Mum had decorated the house with Indian objects – there were some Hindu statues, brass ornaments and bells, and lots of little elephant figurines. I didn’t know then that these weren’t normal objects to have in an Australian house. She had also put some Indian printed fabric in my room, across the dresser, and a carved wooden puppet in a brightly colored outfit. All these seemed sort of familiar, even if I hadn’t seen anything exactly like them before. Another adoptive parent might have made the decision that I was young enough to start my life in Australia with a clean slate and could be brought up without much reference to where I’d come from. (Brierley 9)

By the time Saroo began secondary school, there were a lot of students from different ethnic backgrounds – particularly Greeks, Chinese, and other Indians. He participated in a lot of activities, particularly soccer, swimming, and track and field. When Saroo began high school, the map of India was still on his wall, but he hardly noticed it next to his posters of the Red Hot Chili Peppers. Saroo was growing up Australian—a proud Tassie. He was a robust, happy, windsurfing, fully fledged Aussie who had completely forgotten his native language and was experiencing a reverse cultural shock. When he interacted with Indian kids at school, he felt that he was stripped of his “Indianness” becoming an Australian among Indians, rather than being somewhat exotic.

He became an Australian in effect losing his Indian citizenship and his migration effected his upliftment from rags to riches. Over the period of time, he realised that Australia as the new environment, away from India, has only made progress in his life. He has deep attachment towards his home country which is realised through his search for roots.

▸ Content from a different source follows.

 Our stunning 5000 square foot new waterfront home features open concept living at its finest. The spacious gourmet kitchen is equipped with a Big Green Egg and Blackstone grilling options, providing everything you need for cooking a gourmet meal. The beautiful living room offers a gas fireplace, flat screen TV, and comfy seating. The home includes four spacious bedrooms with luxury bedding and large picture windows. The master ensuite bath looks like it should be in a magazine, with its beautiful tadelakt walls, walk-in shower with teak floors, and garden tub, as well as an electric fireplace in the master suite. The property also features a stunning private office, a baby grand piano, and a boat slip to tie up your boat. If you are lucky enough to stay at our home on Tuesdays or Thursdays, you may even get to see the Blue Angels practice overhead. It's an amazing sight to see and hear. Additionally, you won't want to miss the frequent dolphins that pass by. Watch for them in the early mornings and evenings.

After several failed attempts, he discovers his home via Google Earth technology and travels to his childhood home in the village of Ganesh Talai which he used to mispronounce as Ginestlay. In his book Experience and Representation: Contemporary Perspectives on Migration in Australia, Keith Jacobs discusses how migration effects in building and developing independence and emotional strength in migrants utilising the opportunities of the host country. He says,

They found that an important part of migration was the fostering or acquisition of a sense of place and belonging in their new environment and that this often required a reinvention of the self over a period of time. They also found that the migration process itself in many instances created a surge of new emotional strength and energy although this was more common amongst individuals who sought to extend their networks than those who privileged independence. (Jacobs 24)

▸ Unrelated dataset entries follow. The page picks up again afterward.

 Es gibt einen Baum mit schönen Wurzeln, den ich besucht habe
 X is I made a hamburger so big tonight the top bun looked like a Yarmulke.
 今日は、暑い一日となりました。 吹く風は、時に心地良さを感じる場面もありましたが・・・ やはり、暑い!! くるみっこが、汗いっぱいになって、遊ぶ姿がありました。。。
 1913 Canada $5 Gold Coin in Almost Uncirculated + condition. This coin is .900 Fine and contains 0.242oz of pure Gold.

The concept of diaspora formation has been conceptualized in a triadic relationship between the country of origin, the country of settlement, and the ethnic group. The question of citizenship, belonging and being a member of a different society other than the familiar social milieu is associated with the immigrants’ primary relationship to the host country. The social connections and interactions with other people in terms of quantity and quality define social integration. Thus Saroo has a diasporic identity of “in-betweenness” because of his dislocation to Australia on being adopted by a loving and caring family who saved him from the complexities of poverty, loss, and hunger. He has a sense of belonging to both cultures, by adapting and assimilating to the Australian culture and lifestyle through his adoption and because of his familial blood bonds to his Indian family.

 

 

Works Cited

Appadurai, Arjun. Modernity at Large: Cultural Dimensions of Globalization. University of Minnesota Press, 1996.

Brierley, Saroo. A Long Way Home. Viking, 2013.

Doherty, Ben, and Nick Evershed. “The changing shape of Australia’s immigration policy.”  The Guardian, 23 Mar. 2018.

Flanagan, R. The Sound of One Hand Clapping. Macmillan, 1997.

Jacobs, Keith. Experience and Representation: Contemporary Perspectives on Migration in Australia. Ashgate Publishing Company, 2011.

Sheller, M., and Urry. “The New Mobilities Paradigm.” Environment and Planning A, vol. 38, no. 2, 2006, pp.  207–26.